They sure do! Some women make it too damn easy. While they're busy reading labels or comparing prices someone could walk off with it without them even knowing it. Then you add kids to the mix also distracting them and yakking on their cell phones.


----------



## PT111Pro (Nov 15, 2014)

I just think that no weapon under no circumstances belong in a purse. Saying that – I have seen many men in Europe carrying something similar to a purse. There are people out there that make a living on snatching purses and I don’t believe that the Europeans in an Tourist area like Rome, Nice, Vienna, …..are smarter that Americans purse snatchers. Even Woman do that to each other. 

Right before Christmas, our Local TV brought under the topic crime fighters, a picture of a woman that goes from store to store to steal purses. They said this woman had stolen in our area in 1 month more than 250 purses and had made more than $ 15 000 in cash plus credit cards and other items like jewelry that you can easily pawn.

On the Shooting-Range, I saw in the little store that they have in the office that they sell purses for woman that has a slide in compartment to carry concealed a weapon. I’ll think that is the very wrong signal. 
When I see my daughter in law, she has pants, skirts and even dresses that are altered to carry concealed a weapon. She said it cost her for a skirt or a pant $10-$15 to tailor so a gun fits. She does that for her bill folder /credit cart wallet too. Snatching her bag has no value in it. 

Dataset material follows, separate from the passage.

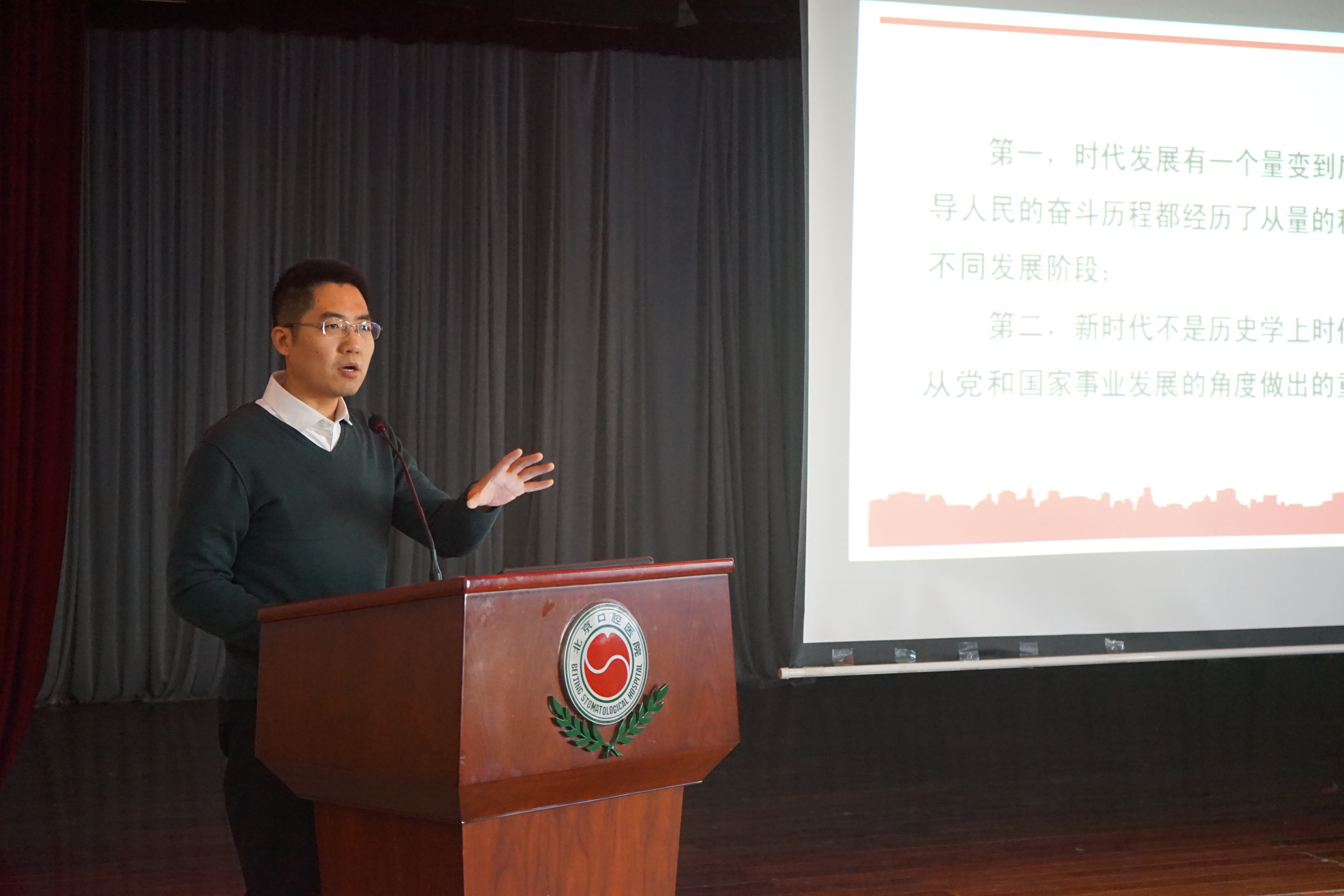 孙一平副教授以《习近平新时代中国特色社会主义思想的核心要义和丰富内涵》为题,结合当前时政热点与国际形势,详细阐释了在新的历史条件和时代背景下,坚持和发展中国特色社会主义的重要性和必要性。重点分析了习近平新时代中国特色社会主义思想的逻辑框架,通过回顾、对比、举例等方式生动详述这一思想体系的哲学基础、理论主题、治国方略、具体政策等,并总结概括了其在政治、历史、理论、实践等方面的重大意义。报告内容深入浅出,贴合实际,富有现实意义。

We should teach our ladies in our lives, that a purse is the worse place to carry anything that has a value to it. Purse snitcher working always in a group of 3 or 4 and it is hart to prove even if you catch and indentify the snitcher that s/he had done it, because they immediately thereafter pass the stolen goods over 3-4 stations on. And holding on to it in a store, parking lot or any public place has no warranty that the purse can’t be taken.

In my Opinion a purse is the most-worse place to carry a gun. - No - it is the most worse place to carry anything that has any kind of value to it.


----------



## paratrooper (Feb 1, 2012)

PT111Pro said:


> I just think that no weapon under no circumstances belong in a purse. Saying that - I have seen many men in Europe carrying something similar to a purse. There are people out there that make a living on snatching purses and I don't believe that the Europeans in an Tourist area like Rome, Nice, Vienna, &#8230;..are smarter that Americans purse snatchers. Even Woman do that to each other.
> 
> Right before Christmas, our Local TV brought under the topic crime fighters, a picture of a woman that goes from store to store to steal purses. They said this woman had stolen in our area in 1 month more than 250 purses and had made more than $ 15 000 in cash plus credit cards and other items like jewelry that you can easily pawn.
> 
> ...


I do agree with a lot of what you have said. But having said that, just try and convince any female to not carry valuables in her purse. It ain't gonna happen.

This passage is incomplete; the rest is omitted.